We provide specialized SLURM scripts for different model sizes, each pre-configured with appropriate compute resource allocations:
# For small models (8B), defaults to Qwen/Qwen3-8B
sbatch scripts/grpo/small_grpo_lora_train_job.sh grpo.run_name="custom-experiment-name" # LoRA training (3 GPUs)
# For medium models (32B), defaults to Qwen/Qwen3-14B
sbatch scripts/grpo/medium_grpo_lora_train_job.sh grpo.run_name="custom-experiment-name" # LoRA training (3 GPUs)

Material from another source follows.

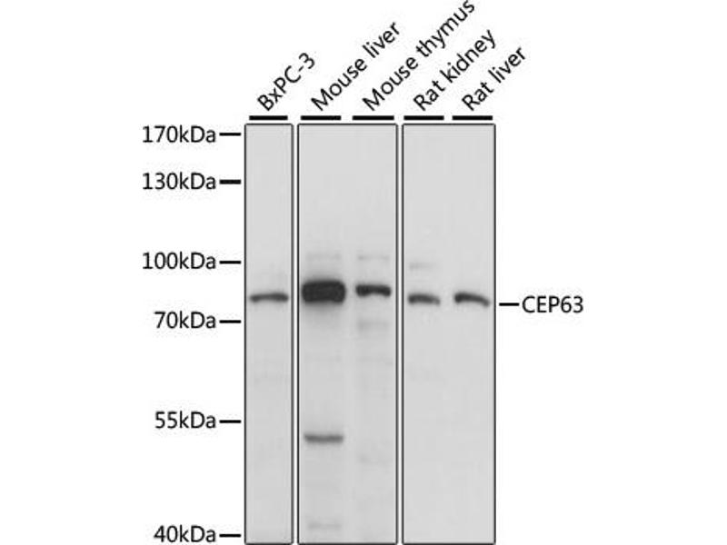 The Rabbit Polyclonal anti-CEP63 antibody has been validated for WB. It is suitable to detect CEP63 in samples from Human.

Each script includes pre-tuned GRPO parameters optimized for the corresponding model size category. The scripts support three task types:
- detection: Binary vulnerability detection
- repair: Single-file code repair with search-replace diffs
- repo_repair: Repository-level code repair using agentic approaches
You can customize training with Hydra overrides:
# Change task type
sbatch scripts/grpo/medium_grpo_lora_train_job.sh run=detection
# Use a different model
sbatch scripts/grpo/medium_grpo_train_job.sh model=medium_llama
You can select a model configuration by setting the MODEL_CONFIG
environment variable before submitting the job. The value should match a file in src/conf/model/
(without the .yaml
suffix).
Example:
MODEL_CONFIG=small_qwen \
sbatch scripts/grpo/medium_grpo_lora_train_job.sh \
grpo.run_name="Qwen3-8B-Multingual"
Notes:
- Small and medium scripts respect
MODEL_CONFIG
. Large scripts are fixed to Qwen3 models. - vLLM parser/templating is auto-selected in scripts based on the base model name (Qwen → qwen3/hermes; Llama → llama3_json + llama3.1 tool chat template etc.)
For "local" development and testing without Apptainer containers, you can use uv
directly.
Install the uv
package manager with:
MacOS / Linux
curl -LsSf https://astral.sh/uv/install.sh | sh
Windows (project not tested on Windows)
powershell -ExecutionPolicy ByPass -c "irm https://astral.sh/uv/install.ps1 | iex"
# run all tests
uv run pytest
# run specific testing file
uv run pytest tests/test_search_replace_diff.py
# run specific test
uv run pytest tests/test_search_replace_diff.py::test_specific_function
This repository uses several Markdown files to organize information:
- README.md: (This file) Provides a high-level overview, setup instructions, and basic usage examples.
- docs/PROJECT.md: Contains detailed information about the project's goals, implementation notes, theoretical background, and conceptual insights.
- docs/DIARY.md: A development diary tracking progress, challenges, and decisions.
- docs/AGENT_RL_INTEGRATION.md: Describes our approach to integrating agent frameworks into RL training loops using OpenAI-compatible API servers.
- docs/DATASETS.md: Describes the datasets used in the project.
- docs/RESOURCES.md: Lists relevant research papers, literature and broader resources reviewed for the project.
- docs/VOCABULARY.md: Defines key terms and concepts used throughout the project.
- docs/PAPER.md: Outlines the structure and key points for the academic paper.